Cyclic GMP: the new kid on the plant cell signalling block

Cyclic guanosine monophosphate (cGMP) is a nucleotide consisting of three functional groups: a sugar, a nitrogenous base (guanine) and a single phosphate group. It should not be confused with non-cyclic GMP:

cGMP and GMP comparison

In Cyclic GMP one of the oxygen molecules on the phosphate group is bound to the sugar group (highlighted in red). Image credits: Wikimedia Commons users Diberri (cGMP) and Cacycle (GMP) distributed under CC BY-SA 3.0 licences (Links in references)

In animals cGMP can act as a signalling molecule involved in processes including smooth muscle contraction, phototransduction in the eye and blood vessel dilation. In all these cases nitric oxide (NO) is produced and this stimulates activity of a guanylate cyclase to produce cGMP from guanosine triphosphate (GTP).

Recently, evidence has been emerging that cGMP may have a role in plant cell signalling too. NO can induce increases in cGMP in a number of plant species including soybean (Glycine max) and Arabidopsis thaliana (1,2). Also, an NO-sensitive guanylate cyclase has been identified in A. thaliana (3) . So it seems that like animals, plants also have NO-dependent cGMP production.

NO is involved in many plant signalling processes including stomatal closure. Stomata are pores in the surface of plant leaves that allow gases such as carbon dioxide (CO2) to diffuse in and out of the leaf. Water also diffuses out of leaves through the stomata so plants regulate stomata opening and closing to avoid excessive water loss but at the same time balance the need for CO2 for photosynthesis.
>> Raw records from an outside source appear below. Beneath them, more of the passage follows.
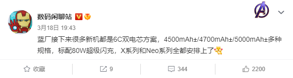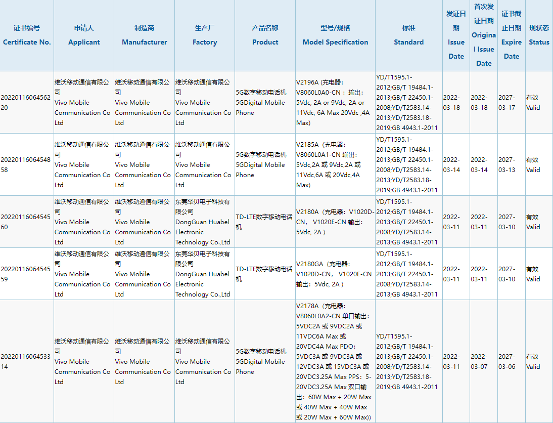 一款型号为 V2196A 的 vivo 新机通过了国家质量认证,标配 V8060L0A0-CN 充电器,支持 80W 快充。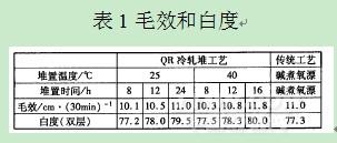 QR冷軋堆工藝在25℃和40℃溫度下堆置不同時間,測試織物的毛效和白度,并與傳統工藝比較,結果見表1。
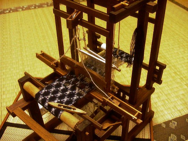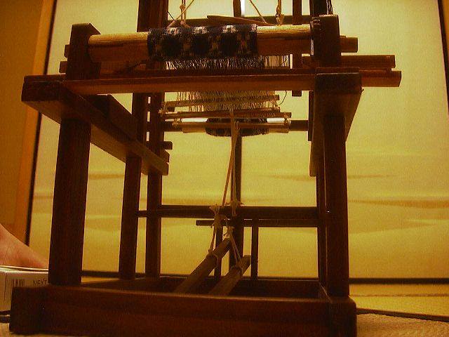 「機織り小屋」を造るまでには、まず「機織り機」を探す事から 始まった訳なんですが、保存状態の良い、理想の機織り機が 中々見つからなくって苦労しました。 結局「愛川繊維会館」(神奈川県 愛甲群愛川町) でお借りしました。ホントに感謝しています。 |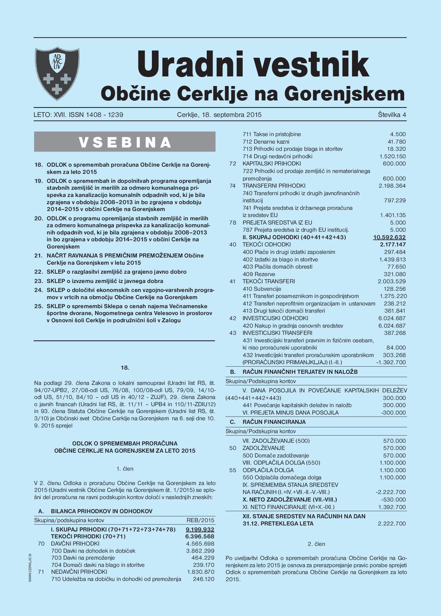 Odlok o spremembah proračuna Občine Cerklje na Gorenjskem za leto 2015 - UV občine Cerklje na Gor., št. 4/2015 (Uradni vestnik, Št. 4, 18. september 2015)

Abscisic acid (ABA) is a plant “stress” hormone and can induce stomatal closure mediated by NO. A guanylate cyclase inhibitor inhibits ABA-induced stomatal closure suggesting cGMP production is required for ABA-induced stomatal closure (Neill, 2002). However, cGMP treatment alone does not induce stomatal closure so although it is required, it is not sufficient (Neill, 2002). In animals cGMP can be nitrated to form 8-nitro-cGMP. Could 8-nitro-cGMP be the signalling molecule mediating stomatal closure instead?

In a recent paper Joudoi and colleagues showed for the first time that 8-nitro-cGMP is produced in plants (4). They then used a technique called immunocytochemistry to visualise 8-nitro-cGMP in Arabidopsis thaliana guard cells (the cells that frame the stomatal pore) after various treatments (see original paper for figures). They found that ABA can induce 8-nitro-cGMP synthesis in guard cells and that this synthesis is dependent on cGMP. They also found that 8-nitro-cGMP treatment was able to induce stomatal closure in wild type plants and in an NO-dependent guanylate cyclase mutant (nogc-1), which is also defective for normal ABA-induced stomatal closure).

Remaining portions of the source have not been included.